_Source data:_
- - - - - - -

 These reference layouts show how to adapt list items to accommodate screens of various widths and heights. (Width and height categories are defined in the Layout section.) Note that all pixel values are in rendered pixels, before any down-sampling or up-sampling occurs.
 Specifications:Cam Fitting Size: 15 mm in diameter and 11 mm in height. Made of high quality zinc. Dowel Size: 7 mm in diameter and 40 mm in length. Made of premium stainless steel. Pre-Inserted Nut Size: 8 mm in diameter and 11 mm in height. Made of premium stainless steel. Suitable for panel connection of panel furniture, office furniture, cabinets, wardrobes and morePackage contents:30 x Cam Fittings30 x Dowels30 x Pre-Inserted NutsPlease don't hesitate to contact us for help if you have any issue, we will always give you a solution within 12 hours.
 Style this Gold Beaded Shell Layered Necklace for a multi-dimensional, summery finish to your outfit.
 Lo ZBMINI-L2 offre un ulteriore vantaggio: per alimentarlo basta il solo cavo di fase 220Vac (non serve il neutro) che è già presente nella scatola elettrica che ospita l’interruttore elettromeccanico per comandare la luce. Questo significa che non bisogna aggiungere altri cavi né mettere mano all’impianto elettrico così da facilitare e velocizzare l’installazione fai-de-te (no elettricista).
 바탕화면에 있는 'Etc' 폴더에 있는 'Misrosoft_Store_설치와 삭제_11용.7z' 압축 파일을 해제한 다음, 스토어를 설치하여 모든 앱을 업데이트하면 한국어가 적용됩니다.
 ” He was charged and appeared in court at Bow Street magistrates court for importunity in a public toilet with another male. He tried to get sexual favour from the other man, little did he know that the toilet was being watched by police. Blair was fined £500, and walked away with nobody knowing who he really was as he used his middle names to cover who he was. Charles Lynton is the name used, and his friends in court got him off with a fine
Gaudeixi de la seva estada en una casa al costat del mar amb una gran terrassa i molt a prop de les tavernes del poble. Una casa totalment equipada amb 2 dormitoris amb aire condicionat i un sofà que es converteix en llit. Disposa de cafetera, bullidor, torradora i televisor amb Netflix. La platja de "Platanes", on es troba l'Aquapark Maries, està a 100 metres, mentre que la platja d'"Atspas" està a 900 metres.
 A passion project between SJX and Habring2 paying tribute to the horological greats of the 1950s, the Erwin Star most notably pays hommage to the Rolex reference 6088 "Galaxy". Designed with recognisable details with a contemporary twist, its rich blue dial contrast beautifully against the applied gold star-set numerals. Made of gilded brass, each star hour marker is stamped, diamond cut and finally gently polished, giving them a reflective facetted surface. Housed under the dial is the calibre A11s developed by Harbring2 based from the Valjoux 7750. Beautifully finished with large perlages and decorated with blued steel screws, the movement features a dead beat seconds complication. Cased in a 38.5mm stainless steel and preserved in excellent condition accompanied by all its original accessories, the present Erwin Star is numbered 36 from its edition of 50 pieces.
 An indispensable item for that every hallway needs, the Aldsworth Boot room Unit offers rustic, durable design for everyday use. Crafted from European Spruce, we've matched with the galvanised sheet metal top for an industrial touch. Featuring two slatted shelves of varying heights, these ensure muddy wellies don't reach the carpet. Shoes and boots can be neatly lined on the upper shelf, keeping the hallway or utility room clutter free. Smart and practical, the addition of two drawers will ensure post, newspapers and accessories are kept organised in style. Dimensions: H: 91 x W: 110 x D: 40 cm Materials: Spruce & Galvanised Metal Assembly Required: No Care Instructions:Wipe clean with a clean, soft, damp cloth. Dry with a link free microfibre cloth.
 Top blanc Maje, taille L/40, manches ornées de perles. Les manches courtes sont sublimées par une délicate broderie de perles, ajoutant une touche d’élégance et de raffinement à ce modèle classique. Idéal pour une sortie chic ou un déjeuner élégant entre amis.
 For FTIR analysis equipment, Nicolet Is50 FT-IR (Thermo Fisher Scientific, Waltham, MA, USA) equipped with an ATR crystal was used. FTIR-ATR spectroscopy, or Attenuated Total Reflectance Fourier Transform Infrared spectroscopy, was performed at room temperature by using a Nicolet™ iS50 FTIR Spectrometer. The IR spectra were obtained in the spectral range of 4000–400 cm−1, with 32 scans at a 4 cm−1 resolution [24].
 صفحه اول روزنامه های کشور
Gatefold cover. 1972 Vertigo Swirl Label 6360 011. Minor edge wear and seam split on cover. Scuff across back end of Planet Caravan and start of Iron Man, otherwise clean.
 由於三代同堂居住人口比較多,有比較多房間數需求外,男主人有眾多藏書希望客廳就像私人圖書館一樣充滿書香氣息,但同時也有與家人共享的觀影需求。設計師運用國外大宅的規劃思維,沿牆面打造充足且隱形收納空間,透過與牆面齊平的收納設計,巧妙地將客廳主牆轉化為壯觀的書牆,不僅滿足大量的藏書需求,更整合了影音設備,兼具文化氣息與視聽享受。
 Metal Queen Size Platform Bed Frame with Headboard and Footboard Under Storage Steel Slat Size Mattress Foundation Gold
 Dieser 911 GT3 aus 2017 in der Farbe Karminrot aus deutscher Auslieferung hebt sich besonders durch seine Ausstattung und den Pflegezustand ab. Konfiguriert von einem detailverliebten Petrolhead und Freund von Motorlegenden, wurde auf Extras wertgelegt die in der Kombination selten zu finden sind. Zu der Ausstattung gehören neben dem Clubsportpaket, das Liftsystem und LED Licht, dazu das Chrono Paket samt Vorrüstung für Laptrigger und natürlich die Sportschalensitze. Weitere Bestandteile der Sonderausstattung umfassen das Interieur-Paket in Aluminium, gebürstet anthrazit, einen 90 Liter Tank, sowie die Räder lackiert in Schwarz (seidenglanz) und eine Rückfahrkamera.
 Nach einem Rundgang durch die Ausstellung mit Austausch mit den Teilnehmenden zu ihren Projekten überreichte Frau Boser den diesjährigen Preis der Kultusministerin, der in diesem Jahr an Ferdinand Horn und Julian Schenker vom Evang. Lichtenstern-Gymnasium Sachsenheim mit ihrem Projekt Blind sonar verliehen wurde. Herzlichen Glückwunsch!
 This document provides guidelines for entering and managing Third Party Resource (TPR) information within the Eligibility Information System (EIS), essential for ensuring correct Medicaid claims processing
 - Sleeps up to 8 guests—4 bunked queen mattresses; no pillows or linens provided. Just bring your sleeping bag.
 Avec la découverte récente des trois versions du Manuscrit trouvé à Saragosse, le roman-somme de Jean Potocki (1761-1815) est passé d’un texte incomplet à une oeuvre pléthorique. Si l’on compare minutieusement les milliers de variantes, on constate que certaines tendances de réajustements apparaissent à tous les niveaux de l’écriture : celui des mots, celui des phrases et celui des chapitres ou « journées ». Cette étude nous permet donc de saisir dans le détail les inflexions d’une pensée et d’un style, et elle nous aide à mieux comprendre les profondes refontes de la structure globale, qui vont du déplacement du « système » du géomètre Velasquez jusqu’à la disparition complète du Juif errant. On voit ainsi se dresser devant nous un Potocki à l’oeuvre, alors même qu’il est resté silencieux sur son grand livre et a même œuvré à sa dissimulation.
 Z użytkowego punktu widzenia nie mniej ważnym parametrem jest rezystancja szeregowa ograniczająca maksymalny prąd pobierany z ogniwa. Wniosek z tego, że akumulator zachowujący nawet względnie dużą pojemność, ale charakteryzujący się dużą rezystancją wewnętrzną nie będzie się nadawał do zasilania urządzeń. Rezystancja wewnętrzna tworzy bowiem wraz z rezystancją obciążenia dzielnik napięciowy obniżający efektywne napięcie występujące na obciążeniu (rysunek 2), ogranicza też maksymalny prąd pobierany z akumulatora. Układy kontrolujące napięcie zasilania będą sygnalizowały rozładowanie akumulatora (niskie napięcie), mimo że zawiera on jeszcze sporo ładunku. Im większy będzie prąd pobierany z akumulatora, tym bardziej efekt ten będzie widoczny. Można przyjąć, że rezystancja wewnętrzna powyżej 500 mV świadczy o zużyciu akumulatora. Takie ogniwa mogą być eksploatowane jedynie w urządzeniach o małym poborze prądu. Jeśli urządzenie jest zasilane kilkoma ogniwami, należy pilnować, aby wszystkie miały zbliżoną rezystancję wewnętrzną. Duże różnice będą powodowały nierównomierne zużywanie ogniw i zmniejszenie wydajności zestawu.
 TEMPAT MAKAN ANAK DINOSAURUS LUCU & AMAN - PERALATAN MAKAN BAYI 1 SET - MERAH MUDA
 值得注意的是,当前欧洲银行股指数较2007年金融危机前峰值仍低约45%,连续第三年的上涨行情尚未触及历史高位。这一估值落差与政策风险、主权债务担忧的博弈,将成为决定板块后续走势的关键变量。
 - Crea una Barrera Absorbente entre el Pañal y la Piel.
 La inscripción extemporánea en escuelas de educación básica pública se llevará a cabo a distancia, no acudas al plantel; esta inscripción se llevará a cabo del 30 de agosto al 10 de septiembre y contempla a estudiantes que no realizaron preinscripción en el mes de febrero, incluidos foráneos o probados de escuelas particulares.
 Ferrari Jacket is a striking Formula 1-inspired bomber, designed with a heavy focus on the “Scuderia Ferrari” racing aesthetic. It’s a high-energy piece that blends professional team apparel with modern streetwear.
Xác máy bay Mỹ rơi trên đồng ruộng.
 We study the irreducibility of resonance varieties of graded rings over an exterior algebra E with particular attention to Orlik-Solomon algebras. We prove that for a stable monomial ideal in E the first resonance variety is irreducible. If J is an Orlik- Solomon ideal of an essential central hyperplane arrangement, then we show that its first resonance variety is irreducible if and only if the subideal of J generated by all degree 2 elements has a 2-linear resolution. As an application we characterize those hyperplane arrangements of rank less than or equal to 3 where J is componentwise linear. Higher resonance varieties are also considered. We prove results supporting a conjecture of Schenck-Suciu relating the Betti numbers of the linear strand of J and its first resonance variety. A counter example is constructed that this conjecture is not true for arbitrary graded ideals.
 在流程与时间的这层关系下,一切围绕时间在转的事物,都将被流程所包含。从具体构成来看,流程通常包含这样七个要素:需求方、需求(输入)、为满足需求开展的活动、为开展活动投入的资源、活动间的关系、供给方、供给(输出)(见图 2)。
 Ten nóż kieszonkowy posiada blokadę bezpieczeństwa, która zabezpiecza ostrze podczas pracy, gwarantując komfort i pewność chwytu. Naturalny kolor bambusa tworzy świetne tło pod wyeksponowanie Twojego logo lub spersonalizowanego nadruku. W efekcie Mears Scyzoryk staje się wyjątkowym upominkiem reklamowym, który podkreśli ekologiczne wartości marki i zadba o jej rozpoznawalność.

- - - - - - -

_TASK BRIEF:_
Where a line in the records above contains the word "will", copy that line.

_ANSWER FOR THE TASK:_
 Specifications:Cam Fitting Size: 15 mm in diameter and 11 mm in height. Made of high quality zinc. Dowel Size: 7 mm in diameter and 40 mm in length. Made of premium stainless steel. Pre-Inserted Nut Size: 8 mm in diameter and 11 mm in height. Made of premium stainless steel. Suitable for panel connection of panel furniture, office furniture, cabinets, wardrobes and morePackage contents:30 x Cam Fittings30 x Dowels30 x Pre-Inserted NutsPlease don't hesitate to contact us for help if you have any issue, we will always give you a solution within 12 hours.
 An indispensable item for that every hallway needs, the Aldsworth Boot room Unit offers rustic, durable design for everyday use. Crafted from European Spruce, we've matched with the galvanised sheet metal top for an industrial touch. Featuring two slatted shelves of varying heights, these ensure muddy wellies don't reach the carpet. Shoes and boots can be neatly lined on the upper shelf, keeping the hallway or utility room clutter free. Smart and practical, the addition of two drawers will ensure post, newspapers and accessories are kept organised in style. Dimensions: H: 91 x W: 110 x D: 40 cm Materials: Spruce & Galvanised Metal Assembly Required: No Care Instructions:Wipe clean with a clean, soft, damp cloth. Dry with a link free microfibre cloth.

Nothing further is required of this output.